Profit warning triggers Hunan Nonferrous dive

PUBLISHED : Friday, 08 August, 2008, 12:00am
UPDATED : Friday, 08 August, 2008, 12:00am

Shares in Hunan Nonferrous Metals Corp, the mainland's biggest zinc and tungsten producer, fell as much as 13.07 per cent yesterday to the lowest since it went public more than two years ago after the company issued a profit warning.

The stock slumped to as low as HK$1.53 before closing at HK$1.56, down 11.36 per cent, lower than its initial offering price of HK$1.65 in March 2006.

By comparison, the H-share index fell 0.03 per cent while the Hang Seng Index closed with a gain of 0.7 per cent.

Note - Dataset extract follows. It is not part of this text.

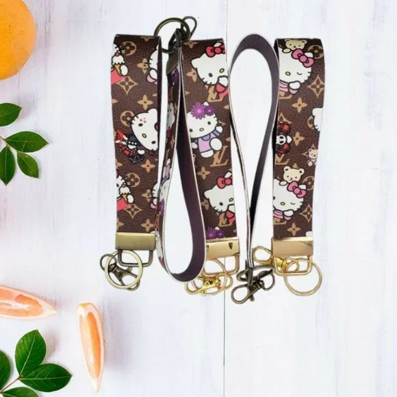 This stylish hand crafted wristlet is the perfect accessory for any occasion. Crafted with faux leather and lined for extra durability, this wristlet features a gold/silver/Bronze keychain fob for easy carrying. Measuring 1 inch wide and 5.75 inches in length, this wristlet is perfect for carrying your essentials in style.

The Changsha, Hunan-based metal producer on Tuesday night said a substantial decrease in the average selling price of zinc products in the first six months of this year would affect its earnings, without giving any figures.

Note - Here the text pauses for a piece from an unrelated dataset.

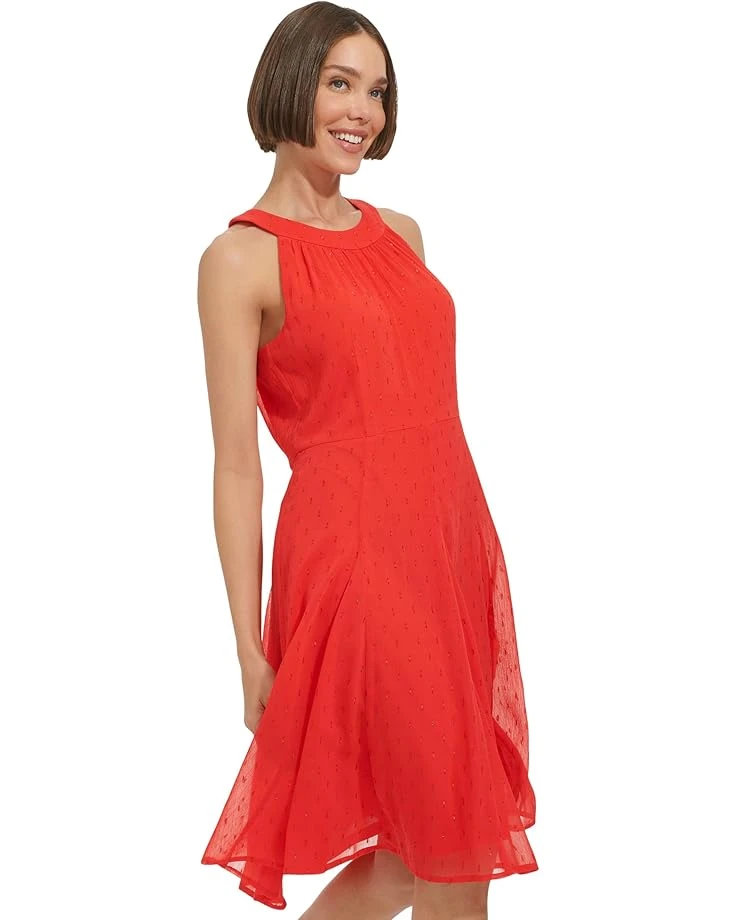 - A perfect piece to add to your warm weather wardrobe, the Tommy Hilfiger® Fit and Flare Dress will not disappoint. This printed dress is styled with flutter cap sleeves, a V-neckline, and a ruffled hem. The lightweight and breathable chiffon fabrication of the dress keeps you comfortable at all times. One of the highlights of the dress is its ruffle detail at the front and back. Fully lined, this midi dress comes with a zippered back closure for easy on and off. Flaunt your great style wearing this chiffon dress.

In the first half of last year, Hunan Nonferrous reported net earnings of 504 million yuan (HK$573.5 million).

However, for the full year, its profit shrank to 315 million yuan because of a provision for its zinc inventory after a price slump.

The price of zinc, a material to galvanize steel, slumped 35 per cent in London in the first half from a year ago as global supplies outstripped demand.

Analysts said the snowstorms early this year also hurt Hunan Nonferrous as some of its plants suspended production.

Shares in other metals stocks also fell yesterday on concerns the slowing global economic growth will cut demand.

Xinjiang Xinxin Mining Industry plummeted 11.08 per cent to settle at HK$3.05 while China Molybdenum lost 7.2 per cent to close at HK$5.41.

Gold producers Lingbao Gold dropped 9.24 per cent to HK$2.26 while Zhaojin Mining Industry fell 9.1 per cent to HK$7.09.

Steelmakers Angang Steel was down 5.41 per cent at HK$12.24 and Chongqing Iron & Steel slipped 6.16 per cent to HK$2.74.

'Recent pullbacks in commodity prices have been much more severely dealt with in equity markets. This reflects an increasing nervousness among investors,' said Citigroup analysts Alan Heap and Alex Tonks.

Demand for commodities was expected to slacken in the United States and Europe where growth was slowing, but the domestic economy would be robust enough to support demand, Citigroup said.

It expects commodities with severe supply constraints - coal, copper and aluminium - to outperform others.